Taking chances on the sky

by Jamie Dillon


Wouldn't want you to think I've been sitting on my observing hands since last Saturday week at LSA. Rolled down to Gonzales one night last week for sidewalk astro there at the high school, just in time for dense overcast, within 15 minutes of arrival. Sunday night I set up at home, looking up at Cygnus, just at sunset. Collimated, set up the finders, then just after sunset groundfog rolled in and stayed.

On the current wishlist there are two objects left in Cygnus, a littlish OC, 6866, and the Blinking PN, 6826, so there's this extra hunger to catch the Swan up sometime before too long.

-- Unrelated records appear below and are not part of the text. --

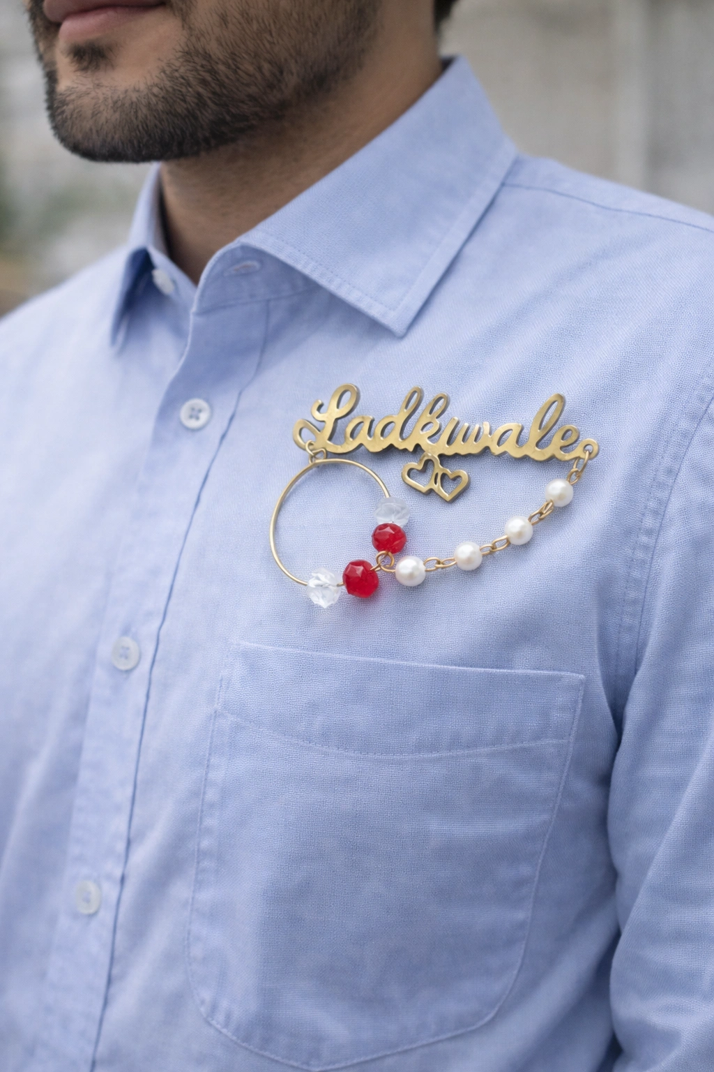 Ladkiwale wedding brooches come in various styles, ranging from simple and elegant pieces to more elaborate designs, depending on the wedding theme and the family’s traditions. Some may also include personalized elements, such as initials or meaningful symbols, adding a sentimental touch. These brooches are generally pinned to the outfits, adding a regal and festive touch to the wedding celebration.
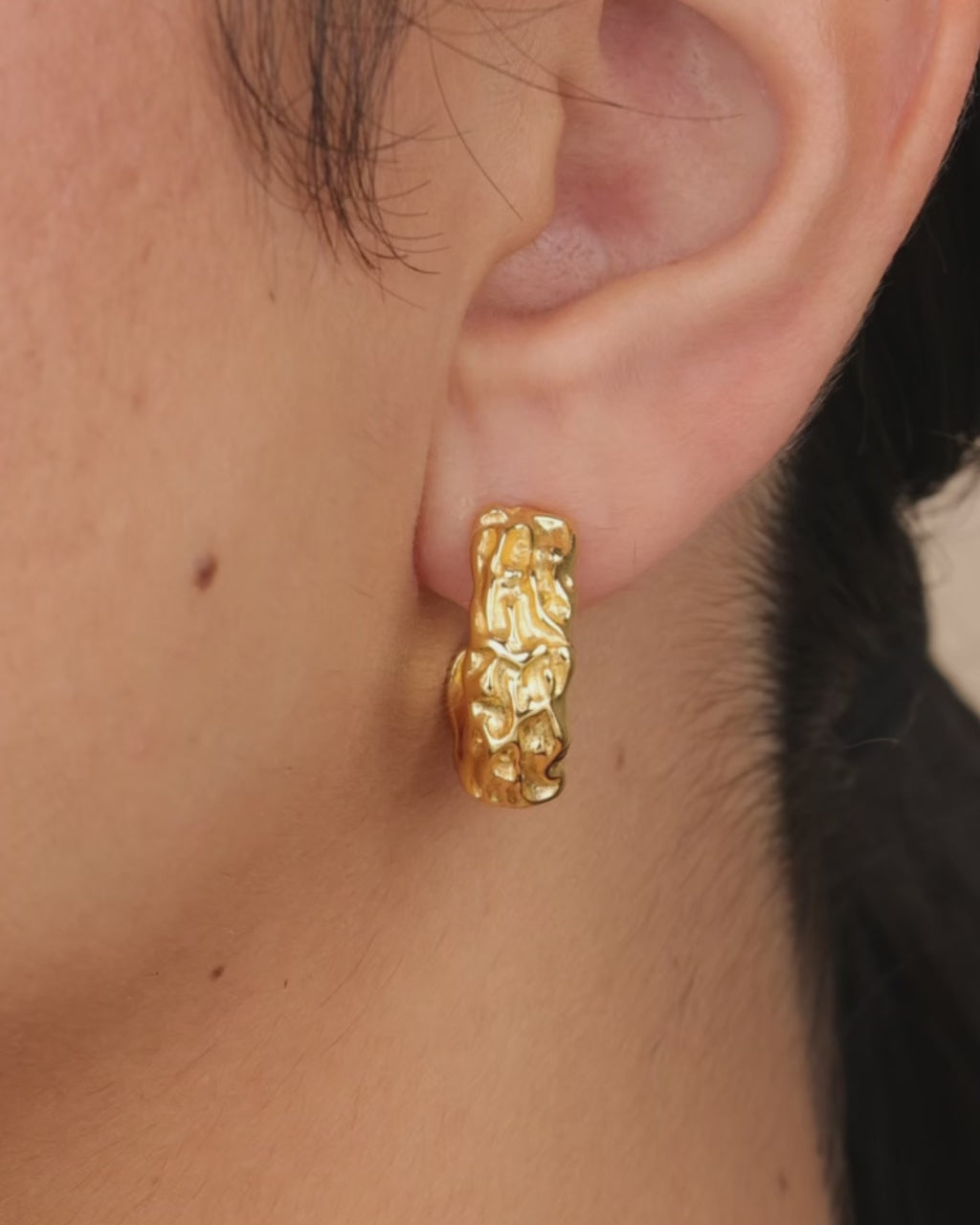 Bold, sculptural, and totally trend-proof. These silver hoops bring a textured finish that feels equal parts organic and elevated. Stack them with sleek studs or wear them solo for a confident finish.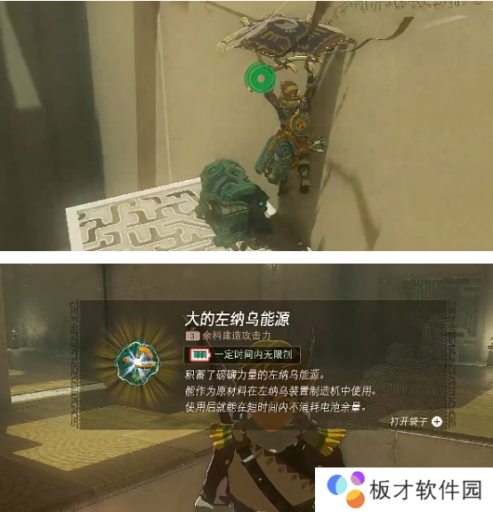 5、爬到树立的木头的顶部,我们朝着宝箱平台滑行,打开后就能获得【大的左纳乌能源】。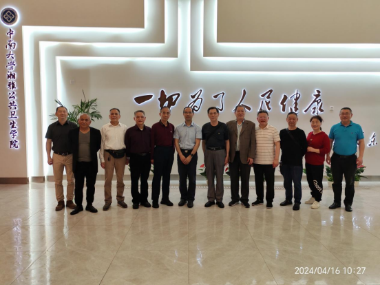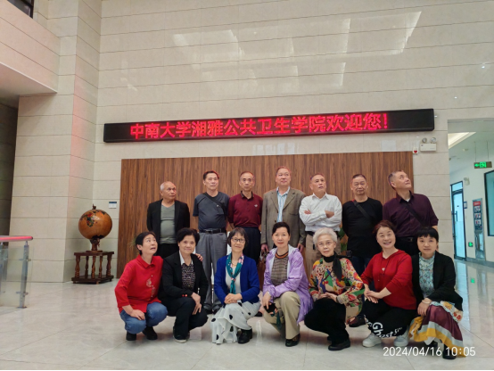 2024年4月16日上午,康玉唐教授等十余位1975级校友相聚母校,共忆芳华、畅叙情谊。学院胡国清院长、学院原党委书记杨土保教授接待了返校校友一行并合影留念,学院党委副书记王超、学工办副主任尹逊强带领校友参观了湘雅公卫新大楼。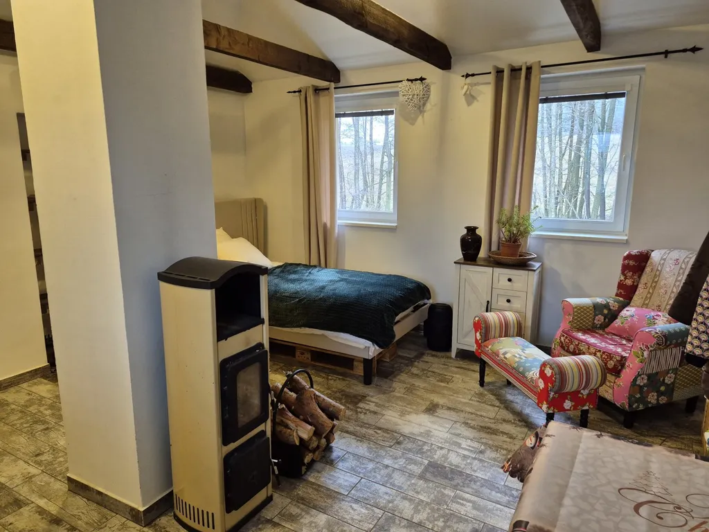 Při vstupu do chaty vkročíme do chodbičky, kde po levé straně je WC a sprchový kout. Ohřevem vody je bojler Dražice 50l. Na pravé straně je obytný prostor s kuchyňským koutem. Na podlaze je dlažba, okna jsou plastová. Elektřina 230V a 400V. Náklady jsou ročně 700,-Kč za směsný odpad + sběrný dvůr, zálohy na elektřinu cca 1.500,-Kč. Nemovitost není zatížena zástavním právem.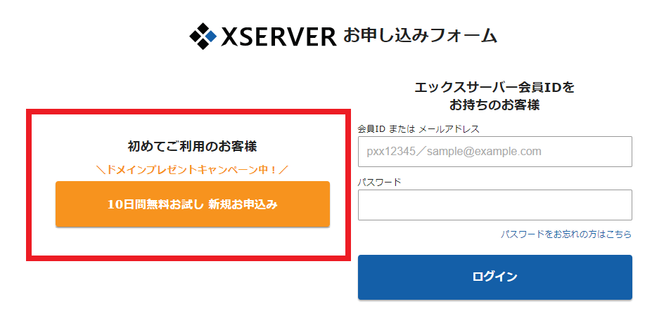 エックスサーバーのトップページから「申し込みはこちら」を選択

Last Thursday night however, there was a combination of mediocre transparency, ca 4.2 limiting mag, with intermittently really good seeing, 4/5. M35 and 7789 lacked their usual dazzle. But Saturn was great, with brown splotches across the disk, Encke's minimum showning off and on. Two little moons were peeking just off the edge of the disk to the South, and the view held up for a while at 420x. Checking the chart in S&T, could have been any two of the four inner moons, they were all clustered right there at the time.

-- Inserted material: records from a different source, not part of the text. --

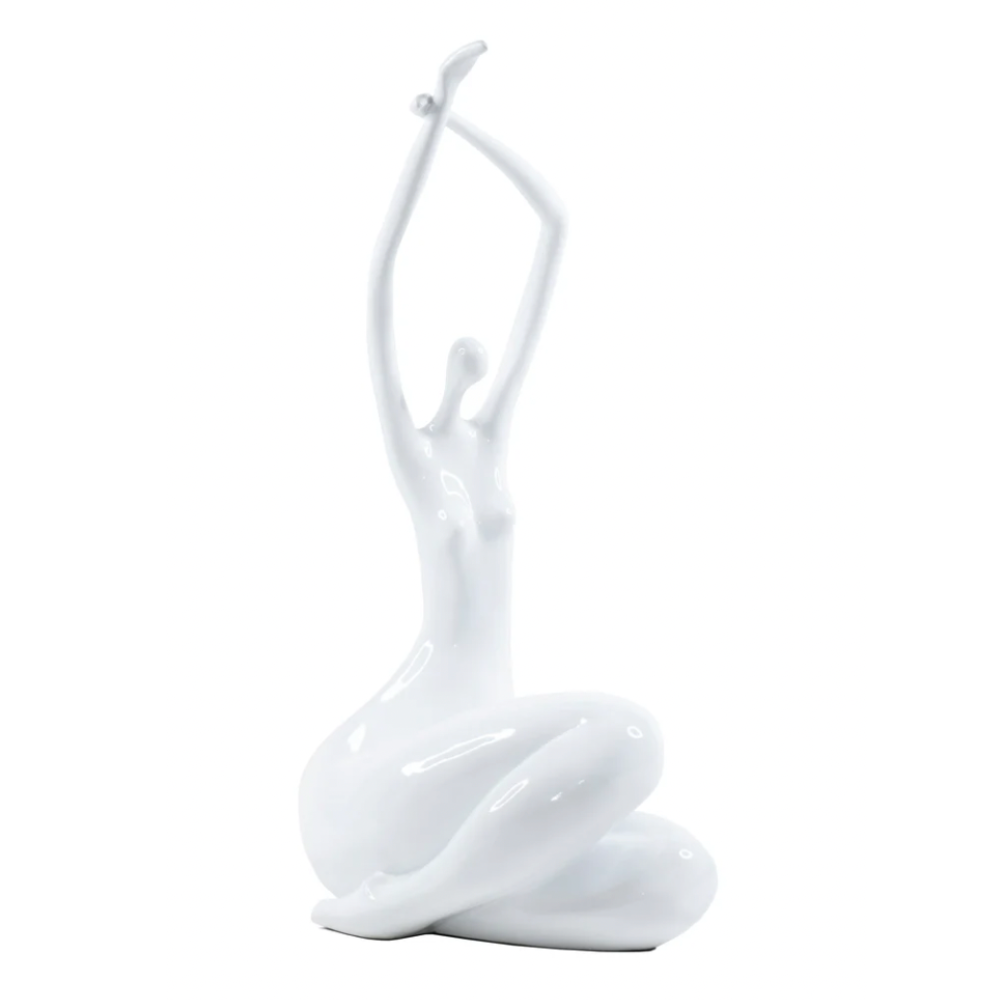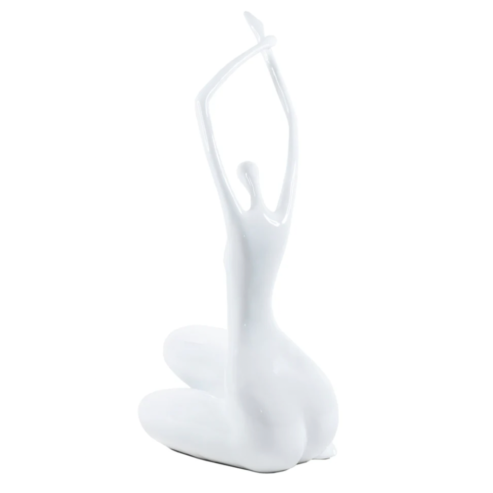 This Elegantly Positioned Contemporary Female Sculpture captures the essence of freedom with its expressive hands-up pose. Fabricated from high-quality polystone material and finished in a glossy sheen, this striking sculpture is available in both white and red. The modern art piece serves as an eye-catching accent, bringing a bold and artistic touch to any table or display in your home.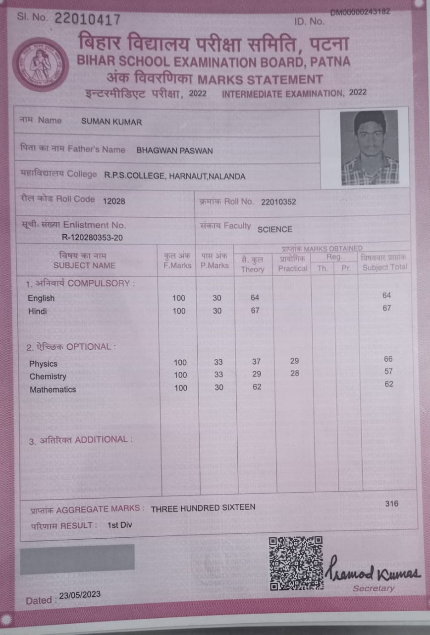 | Exam | Full Marks | Pass Marks | Marks Obtained |
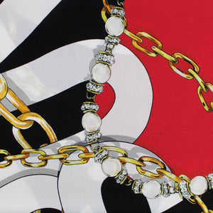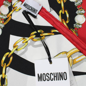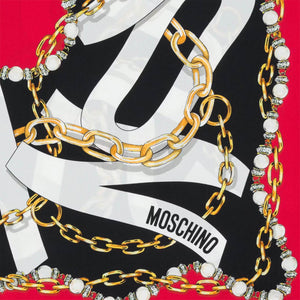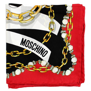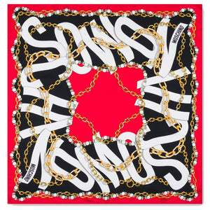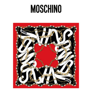 - SALE - Genuine Moschino scarf, elegant signature chain print and morphed effect maxi-logo lettering design, hand stitched red border, large 35" square, twill silk, made in Italy. Authentic Moschino scarves, women collection at outlet prices.

Must say I felt grownup figuring which of Saturn's moons were in view. 4 years or so from now they're gonna move out of the land of mystery, when Cassini swings out there. I'd been a big Galileo orbiter fan and knew a fair amount about Jupiter's 4 big moons by the time I first caught them in binocs out the back here. Here it'll be in reverse.

Caught 6 stars in the Trapezium with averted vision. Decided that M42 was just going to take a lifetime of continual study. It hit me that I was staring at vast intricate halls, billions of kilometers across.

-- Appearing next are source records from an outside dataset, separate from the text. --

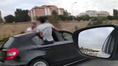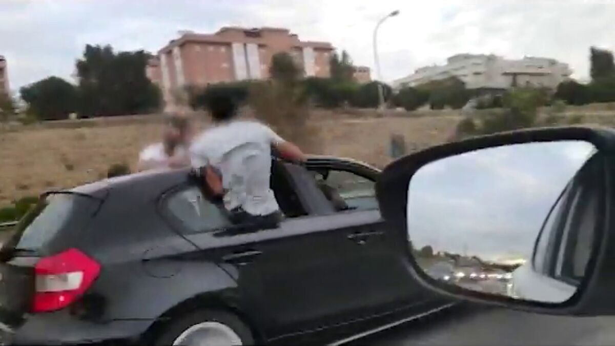 En concreto, tal y como se puede observar en las imágenes, un par de jóvenes sentados sobre las ventanillas traseras del vehículo, con medio cuerpo del coche, eran vistos por el resto de conductores a primera hora de la mañana mientras dicho coche avanzaba veloz por el carril izquierdo.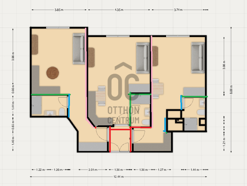- Mindegyik ingatlanban saját konyha és fürdőszoba került kialakításra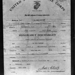 Photograph of paperwork pertaining to Ma Don Bashaw's discharge from the U.S. Marine Corps in 1944.
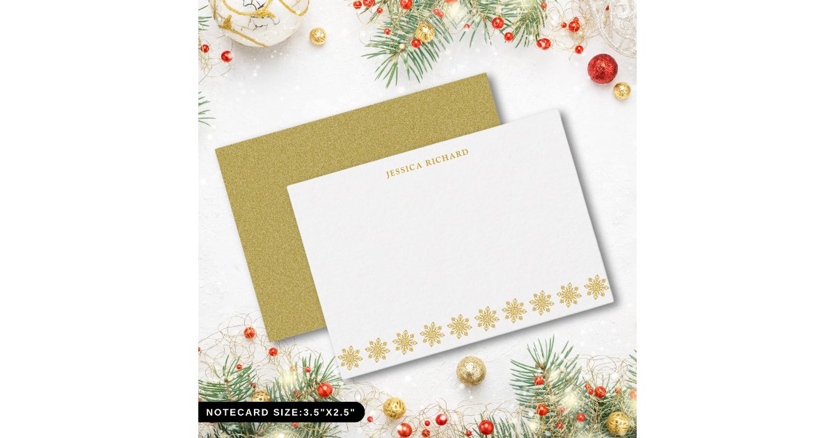 Elegant Gold Snowflake Personalized Note Card | Zazzle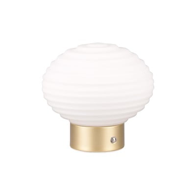 Lampada da tavolo EarlLED, con intensità regolabile, con paralume in vetro, in metallo/in vetro, con ricarica USB, bianca/dorata, altezza totale 14,5 cm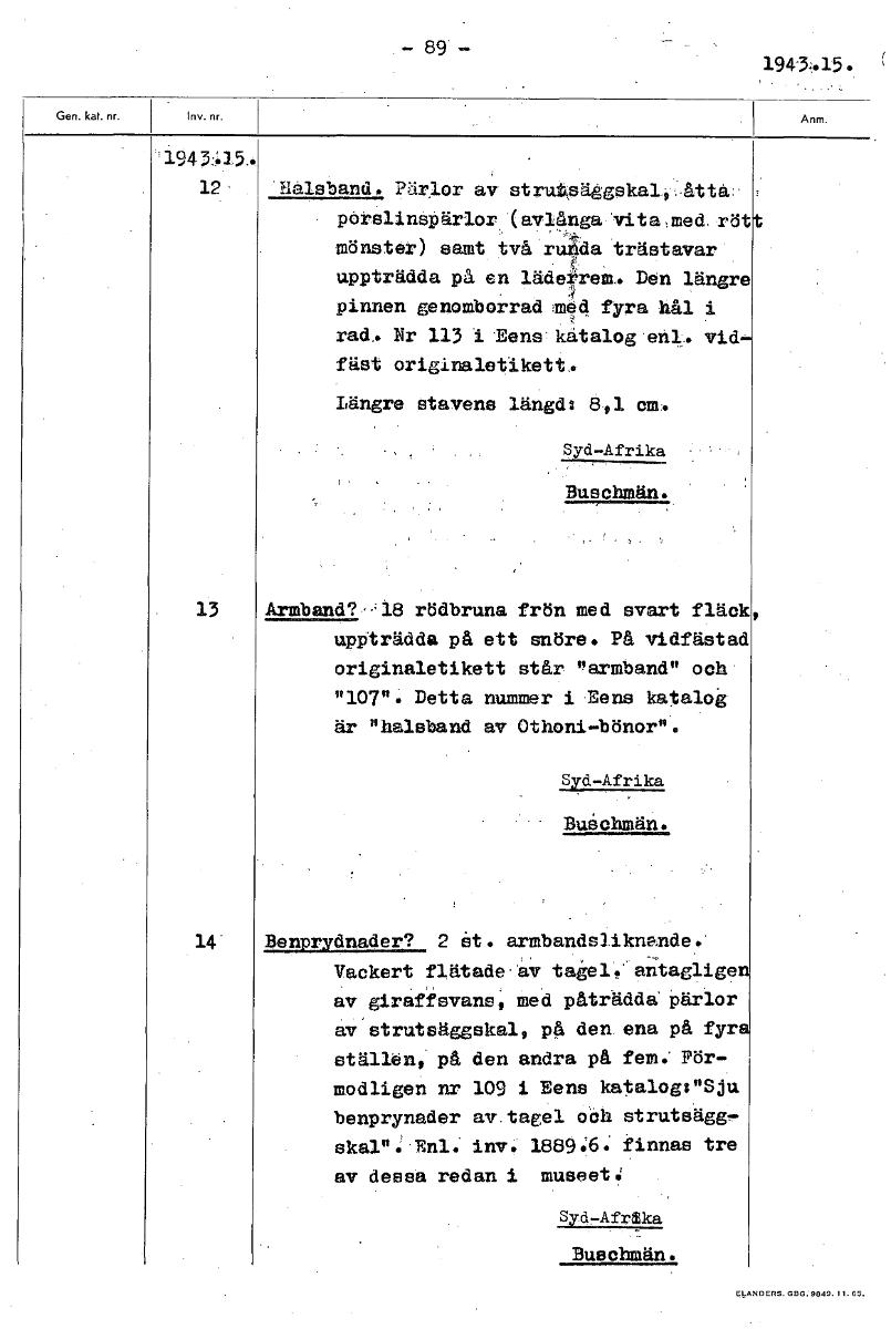 1943..15 1943:45' 12' Halsband. Pärlor av strutsäggskal. åtta porslinspärlor (avlånga 'vita med, röt mönster) samt två ruda trästavar uppträdda på en läderrem. Den längre 4 pinnen genomborrad1m0 fyra hål i rad. Nr 113 i Eens katalog enl. vid fäst originaletikett. Längre stavens längd: 8,1 cm. Syd-Afrika Buschmän. 13 Armband18 rödbruna frön med svart fläck uppträdda på ett snöre. På vidfästad originaletikett står "armband" och "107". Detta nummer i Eens katalog är "halsband av Othoni-bönor". Syd-Afrika Buechmän. 14' Benprydnader? 2 et. armbandsliknande. Vackert flätade-av tagel.' antaglige: av giraffsvans, med påträdda pärlor av strutsäggskal, på den ena på fyr ställen, på den andra på fem. För- modligen nr 109 i Eens katalog:"Sju benprynader av tagel och strutsägg- skal". Enl. inv. 1889:6. finnas tre av dessa redan i museet: Syd-Afrika Buschmän. [ocr]Stäng

Then Tuesday night we had another open window of actual sky, with mag ca 4.8 and mediocre seeing 3/5 > 2/5. Four moons were lined up in a lovely arc just west of Saturn. This time from the chart it had to be Tethys, Dione and Rhea marching in a row pointing to Titan. This was with Felix, a Celestron 11" f/4.5 Dobs with a primary made by Discovery. Was using a 25 Celestron SMA, 16mm UO Koenig, a 6mm Radian and a TV 2x Barlow.

Our Christmas break, Marsha, starts for all 3 of us on the evening of the 15th. You might well believe I'll be hitting the high spots. See you there.